→ **Goal of the exercise**
From the entries below, retype only the lines from the one with "保研本校的辜珏就保内还是保外" through the one with "活動上,理大應用科學學院人工", exactly as written.

====== Stored data

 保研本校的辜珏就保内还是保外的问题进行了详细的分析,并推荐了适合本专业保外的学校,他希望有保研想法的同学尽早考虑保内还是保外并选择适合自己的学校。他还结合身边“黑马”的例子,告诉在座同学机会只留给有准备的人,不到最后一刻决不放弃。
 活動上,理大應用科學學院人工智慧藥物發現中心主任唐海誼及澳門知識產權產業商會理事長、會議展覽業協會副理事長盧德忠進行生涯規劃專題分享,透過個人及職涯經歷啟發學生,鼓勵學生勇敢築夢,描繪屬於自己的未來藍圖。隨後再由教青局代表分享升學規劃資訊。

============
====== Stored data

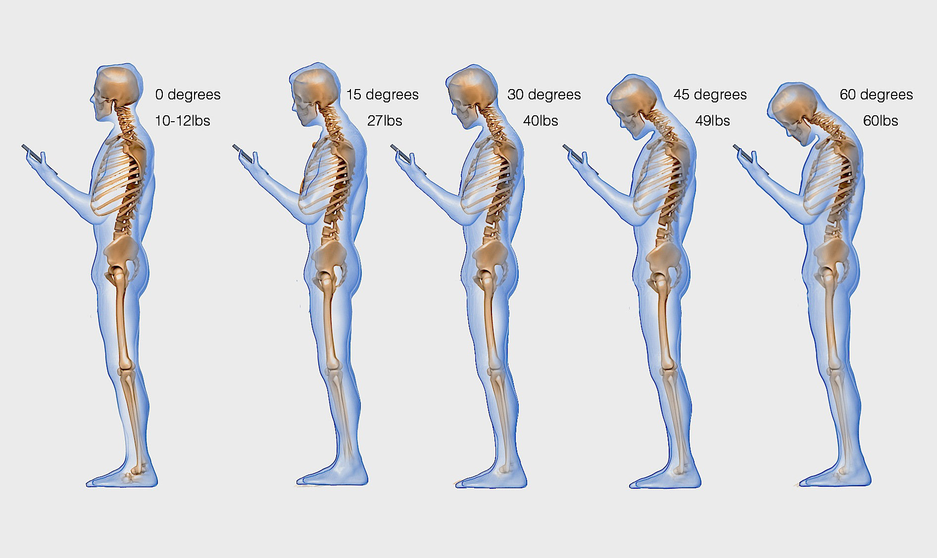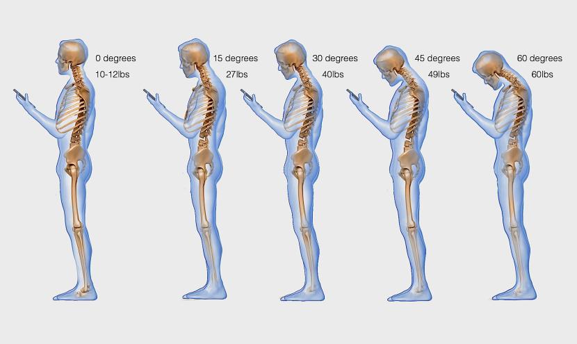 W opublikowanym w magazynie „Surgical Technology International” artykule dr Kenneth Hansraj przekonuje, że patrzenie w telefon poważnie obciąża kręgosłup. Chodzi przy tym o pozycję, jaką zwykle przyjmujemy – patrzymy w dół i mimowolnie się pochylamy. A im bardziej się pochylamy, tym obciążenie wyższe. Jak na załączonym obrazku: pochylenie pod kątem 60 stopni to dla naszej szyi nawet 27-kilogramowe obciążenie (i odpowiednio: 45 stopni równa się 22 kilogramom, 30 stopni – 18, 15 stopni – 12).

============
====== Stored data

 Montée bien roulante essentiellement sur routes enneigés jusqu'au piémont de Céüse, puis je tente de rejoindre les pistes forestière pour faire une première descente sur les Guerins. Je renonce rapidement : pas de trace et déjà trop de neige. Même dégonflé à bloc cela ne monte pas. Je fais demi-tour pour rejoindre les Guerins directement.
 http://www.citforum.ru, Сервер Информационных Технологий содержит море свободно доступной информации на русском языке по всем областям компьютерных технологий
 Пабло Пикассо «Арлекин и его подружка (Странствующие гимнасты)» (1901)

============

→ **Response area**
 保研本校的辜珏就保内还是保外的问题进行了详细的分析,并推荐了适合本专业保外的学校,他希望有保研想法的同学尽早考虑保内还是保外并选择适合自己的学校。他还结合身边“黑马”的例子,告诉在座同学机会只留给有准备的人,不到最后一刻决不放弃。
 活動上,理大應用科學學院人工智慧藥物發現中心主任唐海誼及澳門知識產權產業商會理事長、會議展覽業協會副理事長盧德忠進行生涯規劃專題分享,透過個人及職涯經歷啟發學生,鼓勵學生勇敢築夢,描繪屬於自己的未來藍圖。隨後再由教青局代表分享升學規劃資訊。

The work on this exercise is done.